Glioblastoma multiforme (GBM) is the most frequent and malignant type of human brain tumor, which quickly recurs despite standard therapy (1). One possible way to overcome chemoresistance and tumor progression might be reached with the use of additional agents sensitizing tumor cells to applied therapies.

Recently it has been shown that the opioid D,L-methadone increases sensitivity toward chemotherapy of different tumor cell populations (2, 3). Opioids are substances that act on opioid receptors. Opioid receptor activation initiates a cascade of events resulting in a diversity of biological effects such as analgesia and sedation but also has effects on cell survival and proliferation (4-7). Opioid receptor stimulation can activate inhibitory Gi-proteins, which in turn block adenylyl cyclase activity, reducing cyclic adenosine monophosphate (cAMP) (Figure 1) (8). Simultaneous administration of the μ-opioid receptor agonist D,L-methadone and doxorubicin led to an increased antitumor effect via reducing second messenger cAMP (2, 3). Down-regulation of cAMP sensitizes tumor cells for anticancer treatment and leads to increased rates of apoptosis of human glioma cells and glioma stem cells in cell culture (2). This effect is most pronounced with D,L-methadone since D-methadone stabilizes the opioid receptors and thus facilitates more binding of L-methadone. D,L-Methadone also down-regulates expression of anti-apoptotic molecules such as B-cell lymphoma-extra large (BCL-xL) or X-linked inhibitor of apoptosis protein (XIAP) (2, 3, 7).

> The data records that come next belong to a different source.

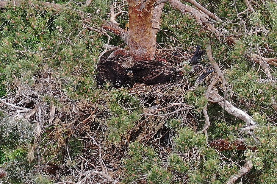 Как отмечает пресс-служба министерства, в момент обнаружения в гнезде находились два оперившихся птенца. Специалисты подчеркивают, что орлан-белохвост - самая крупная из хищных птиц, которые гнездятся в нашем регионе.
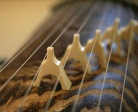 made of silk. Each string has its own bridge, shaped like Mt. Fuji, and
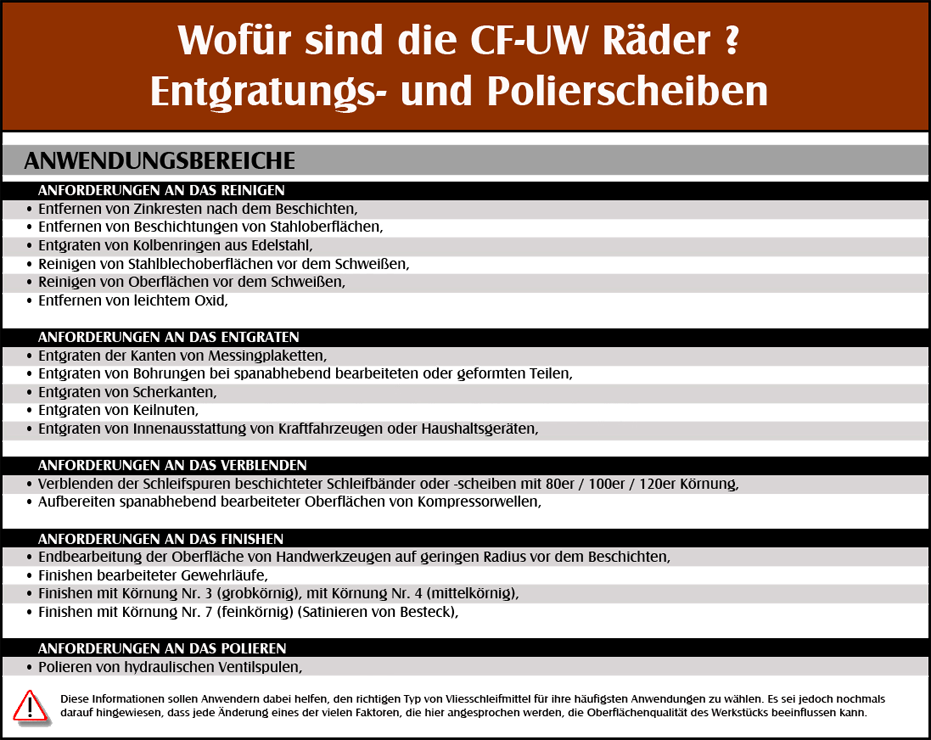 Surface Group Entgratungs- und Polierscheiben kommen mit schwierigen Aufgaben beim Verblenden und Finishen bestens zurecht. Sie liefern rasche und einheitliche Ergebnisse und werden gerne eingesetzt, wo fruher konventionelle Schleifkörper wie gummigebundene Schleifscheiben, Schruppscheiben und Vliesfacherscheiben verwendet wurden.
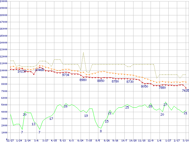 | Deskstar 7K250 HDS722512VLAT80 (120GB,8MB)の価格推移 | | | (2003年12月27日~2005年3月10日) |
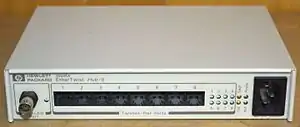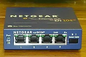 An Ethernet hub, active hub, network hub, repeater hub, multiport repeater, or simply hub is a network hardware device for connecting multiple Ethernet devices together and making them act as a single network segment. It has multiple input/output (I/O) ports, in which a signal introduced at the input of any port appears at the output of every port except the original incoming.[1] A hub works at the physical layer (layer 1) of the OSI model.[2] A repeater hub also participates in collision detection, forwarding a jam signal to all ports if it detects a collision. In addition to standard 8P8C ("RJ45") ports, some hubs may also come with a BNC or an Attachment Unit Interface (AUI) connector to allow connection to legacy 10BASE2 or 10BASE5 network segments.

The effect of D,L-methadone is also dependent on the opioid receptor density on the tumor cell surface and the agent's dosage (2, 3). As a proof-of-principle, the therapeutic effect is reversible by either blocking opioid receptors with naloxone administration, or by inhibiting Gi-proteins with pertussis toxin, leading to a subsequent increase in cAMP or by up-regulation of cAMP through inhibition of cAMP phosphodiesterases using 3-isobutyl-1-methylxanthine (2, 3). In a subcutaneous glioma model, D,L-methadone inhibited tumor growth significantly in vivo (2).

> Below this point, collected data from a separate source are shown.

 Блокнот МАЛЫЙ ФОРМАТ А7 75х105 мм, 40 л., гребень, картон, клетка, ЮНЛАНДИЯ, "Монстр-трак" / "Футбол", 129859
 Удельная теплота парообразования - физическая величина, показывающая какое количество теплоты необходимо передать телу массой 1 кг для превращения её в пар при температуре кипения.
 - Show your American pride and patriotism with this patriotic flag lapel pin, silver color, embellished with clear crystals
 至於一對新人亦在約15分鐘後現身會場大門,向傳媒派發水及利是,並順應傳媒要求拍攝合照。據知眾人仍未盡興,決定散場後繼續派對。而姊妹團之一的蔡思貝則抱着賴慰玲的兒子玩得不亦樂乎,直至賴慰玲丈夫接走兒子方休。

D,L-Methadone has played a role in palliative care for decades and is in use for pain treatment in patients with cancer (9). Previous studies showed that low-dose D,L-methadone (dosage of 15 mg daily) is well tolerated and results in pain control without dose escalation or opioid-induced hyperalgesia (10, 11). Care has to be taken regarding possible cardiotoxic events with higher doses and prolonged administration (12). Since the supposed anticancer effect of D,L-methadone is propagated among clinical oncologists, the use of D,L-methadone in place of other commonly used analgesics is increasing. However, there are no reliable data supporting the antitumor activity of D,L-methadone application in patients with cancer in prospective clinical studies.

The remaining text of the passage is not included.